Member of the Oklahoma Senate from the 11th district
- In office 1922–1926
- Preceded by: M. F. Ingraham
- Succeeded by: Fletcher Jones

Personal details
- Born: 1859 Bedfordshire, England, U.K.
- Died: 1938 (aged 78–79)
- Citizenship: British American
- Party: Democratic Party
- Children: 9, including Ray C. Jones

= Harry Jones (Oklahoma politician) =

Harry Jones was an American politician who served in the Oklahoma Senate representing the 11th district from 1922 to 1926. He was the father of Ray C. Jones.

==Biography==
Harry Jones was born in Bedfordshire in about 1859. He started working as a baker in about 1870 and briefly served in the British Army. He moved to the United States when he was eighteen in 1877 and eventually settled in Yale, Indian Territory. He later became the director of the First National Bank of Stillwater and was elected to the Oklahoma Senate in 1922.

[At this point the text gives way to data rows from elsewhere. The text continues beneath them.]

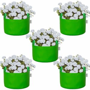 ORILEY Grow Bag Heavy Duty HDPE Plants Flower Growing Bags Floor Standing Mount Type for Home Garden Balcony Terrace Kitchen Nursery (Green, Round with Handle, 250 GSM 8 x 8 inch Pack of 5)
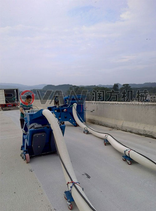 銅萬高速公路起于銅鼓縣,止于萬載縣,途經銅鼓縣、宜豐縣、萬載縣,全長69.134公里,于2015年1月開工建設,2016年7月在放溪鎮路段對橋梁道路表面開始清理,并且采用潤方機械橋梁拋丸機,上面是施工時拍攝的照片,從圖片上我們可以看出,拋丸機在橋梁表面的清理效果十分明顯,而且單人就可以使用操作,十分便捷。
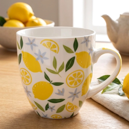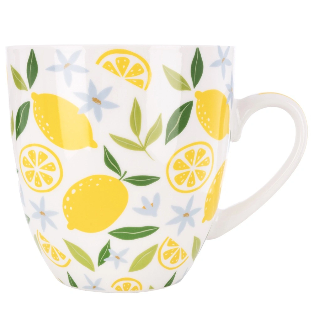 Uživajte priljubljen napitek v veliki porciji. To porcelanasto skodelico 1 l v beli barvi krasi trendi limonast dekor, ki poživi vsako mizo in v notranjost vnese lahkotnost ter dobro voljo. Zahvaljujoč ergonomskemu ročaju se udobno drži tudi, ko je popolnoma napolnjena.
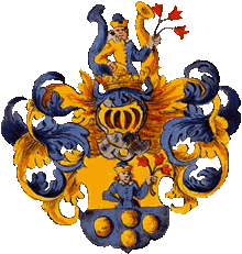 Geviertet. 1 und 4 in Gold ein goldgekrönter rotbezungter schwarzer Adler am Spalt. 2 und 3 in Rot ein silberner Sparren, am Schildeshaupt ein grau-blauer Balken mit drei sechszackigen goldenen Sternen. - Auf den zwei Helmen, rechts mit schwarz-goldenen Decken, ein goldgekrönter rotbezungter schwarzer Adler und links mit rot-silbernen Decken zwischen zwei von rot und silber eingebundenen Büffelhörnern, der Sparren auf dessen Spitze ein goldener sechszackiger Stern ruht.
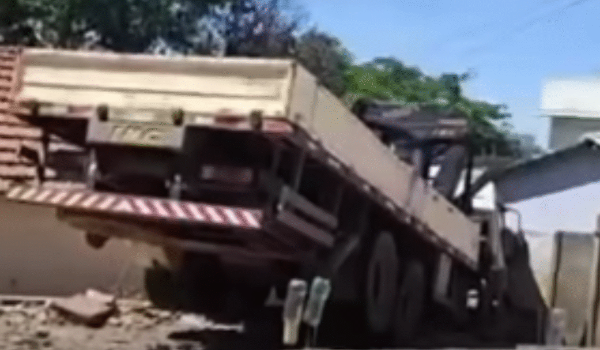 Um caminhão muck desgovernado invadiu duas casas na cidade de Rio Verde, na manhã desta sexta-feira (7). No momento do acidente, seis pessoas estavam nas residências, sendo duas mulheres na mais antiga, que teve a frente e o telhado completamente destruídos, e quatro pessoas na outra.
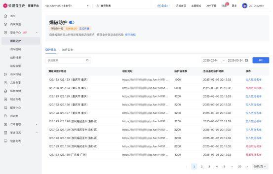 对于访问频繁的合法来源,可加入放行名单以避免误拦;而对恶意来源,系统将自动执行屏蔽与限制访问策略。
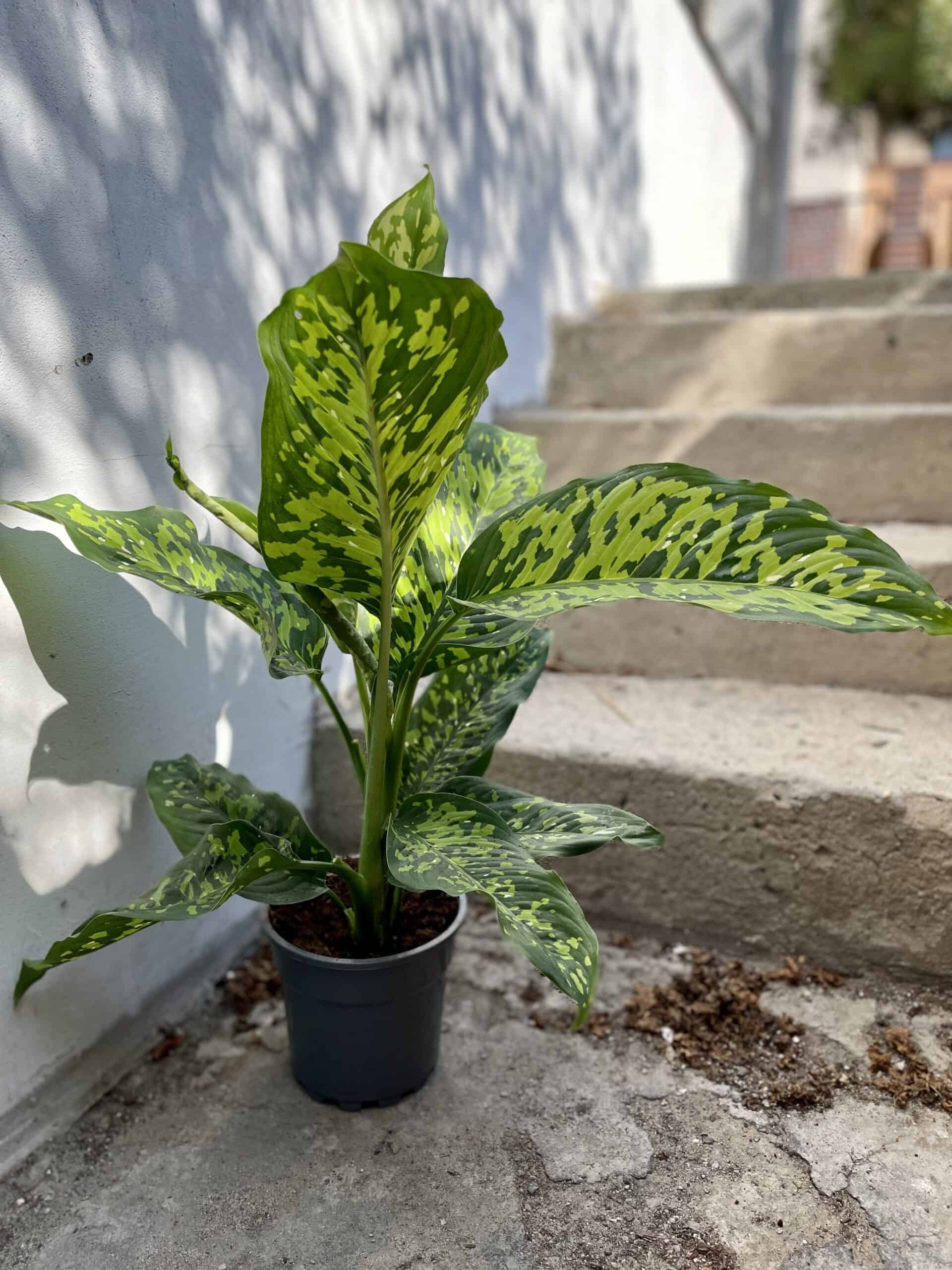 Co zrobić po zakupie?: Zalecamy przesadzenie diefenbachii do podłoża z dodatkiem perlitu, piasku lub tzw. bigosu, czyli podłoża odpowiedniego do roślin z rodziny obrazkowatych.

He served in the Oklahoma Senate as a member of the Democratic Party representing the 11th district from 1922 to 1926. He was preceded in office by M. F. Ingraham and succeeded in office by Fletcher Jones.

In 1930 he was elected to the Stillwater, Oklahoma, city council. He served on the council, including three terms as mayor, until his death in 1938.